Earlier this year they tested the technology by creating a bundle of 20 stacked letters, each written with quills and iron gall ink, folded using period accurate letterlocking formats and sealed with two different kinds of wax. The bundle was then scanned with high contrast TDI CT (Time Delay Integration, computed tomography) and the contents were revealed without damaging the folds and seals. This video is a fly-through of the test:

5 thoughts on “Trunk of undelivered 17th c. letters rediscovered

  1. I look forward to news of the first letter which says “Villain, I know your secret!. Send me two guilders by return or I shall expose you. I am, Sir, your Obedient Servant”

  2. :boogie:
    Last week, when I wrote about this project in a comment, there was a lot less on the “letters” page of that website, so they are clearly making progress.
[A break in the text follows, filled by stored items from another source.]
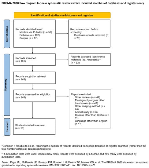 The following databases were searched in January 2021: MEDINE via PubMed, Embase and Scopus. The search was conducted utilising the following MeSH tags: ‘Ultrasound Shear Wave’, ‘Elastography’, ‘elastogram’, ‘elastographies’ AND ‘Crohn’s disease’. The authors reported the search strategy in File S2. The search was filtered using criteria that included the following: from 2010 or later, articles with abstracts, articles in English, human-based studies and original articles. Both included and excluded articles are presented in the PRISMA workflow (Figure 1).
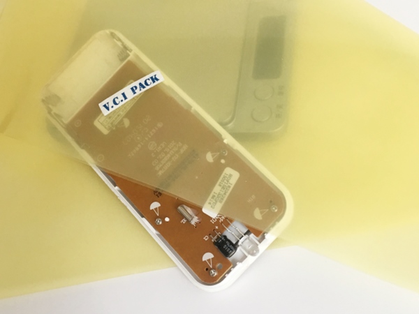 5、包裝空間---大型設(shè)備內(nèi)襯包裝及密集排列產(chǎn)品的包裝時(shí),建議配合其它VCI材料一起使用,如:防銹紙、防銹粉等
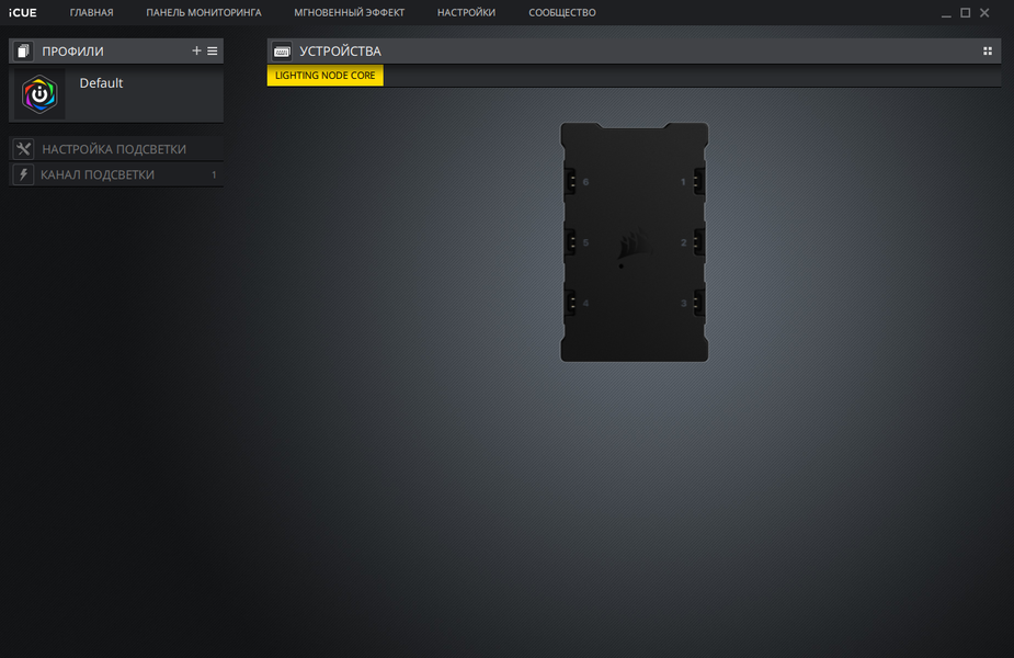 Существует несколько вариантов контроллеров iCue, в данном случае используется самый простой — iCue Lighting Node Core. Это однокорпусное решение с шестью разъемами для источников света Corsair, под которыми подразумеваются прежде всего вентиляторы с подсветкой.
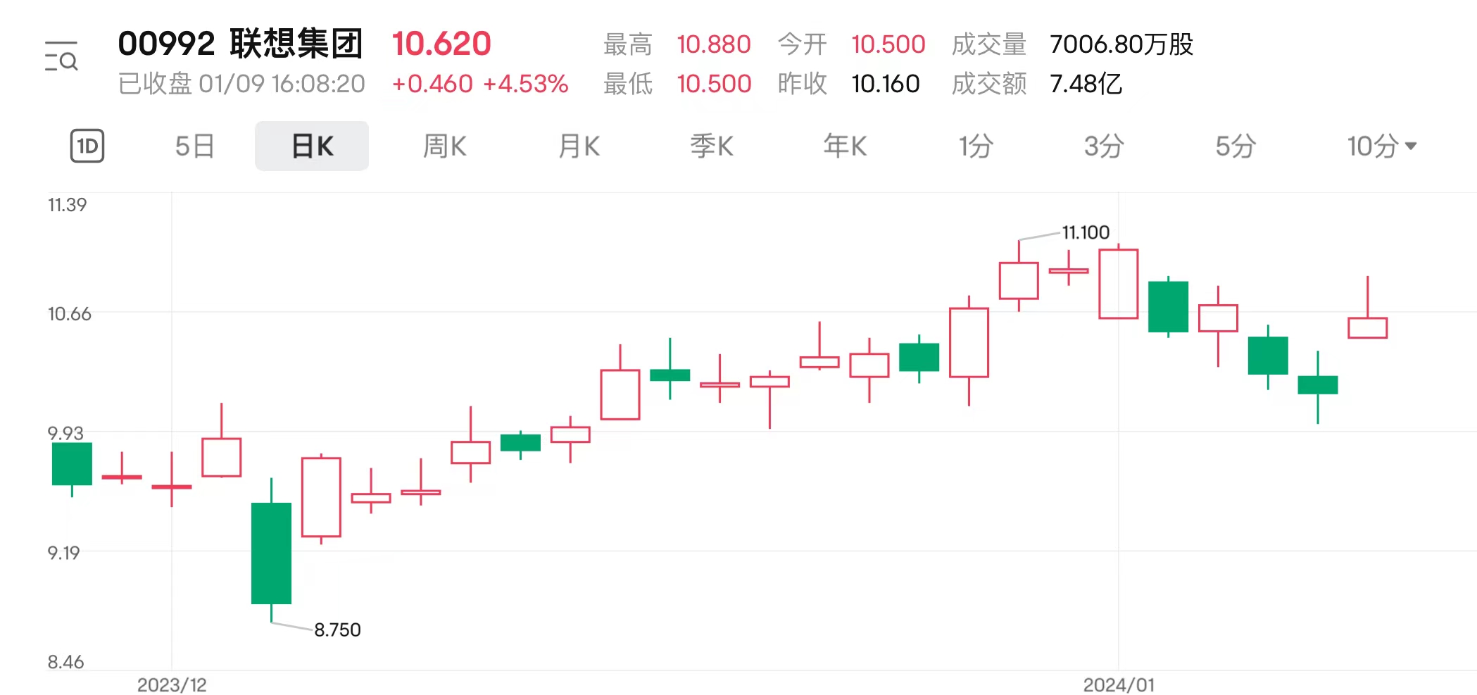 今日,苹果概念、半导体、锂电池等与消费电子相关的板块均出现走强,联想集团(00992.HK)今日涨超4%。

Personally, I love those included pattern swatches… I’d like to know the full story of those: Was someone ordering his/her clothes by mail? Or were they for a fabric merchant, hoping to entice him to place a bigger order?

    I didn’t get a chance to visit the Museum voor Communicatie last week, but hopefully, I will be able to go this week (I still don’t know if there is anything to see about this research…)

    I think it is a very cool find (although they kind of knew the trunk was there, it had just been ignored for decades. And until recently, it would not have been possible to study the letters without opening them), especially because it contains letters from all kinds of people and I hope the project website will grow into the amazing resource we are all hoping for

  3. Every researcher in the world would love to come across a treasure chest of lost items (in this case letters) that have remained hidden for centuries. It would be like diving down into the Titanic and coming up with all the silver ware that had once been believed to be irretrievably lost.

    And what a range! Letters from people from all walks of life — noblemen, merchants, singers, actors, spies, peasants, Huguenot exiles — and letters written in a whole range of languages.

    I was thinking that opening the mail would have been very risky, so we can be grateful that the historians have access to the latest scanning technology.

  4. One of the historic genealogy organizations to which I belong included a short story about this, but yours is much more interesting, livius. I enjoy learning details about the technical aspects of the scan. Somehow I shall have to set aside some undisturbed hours to spend on the website… hard at this time of year, all those relatives, you know.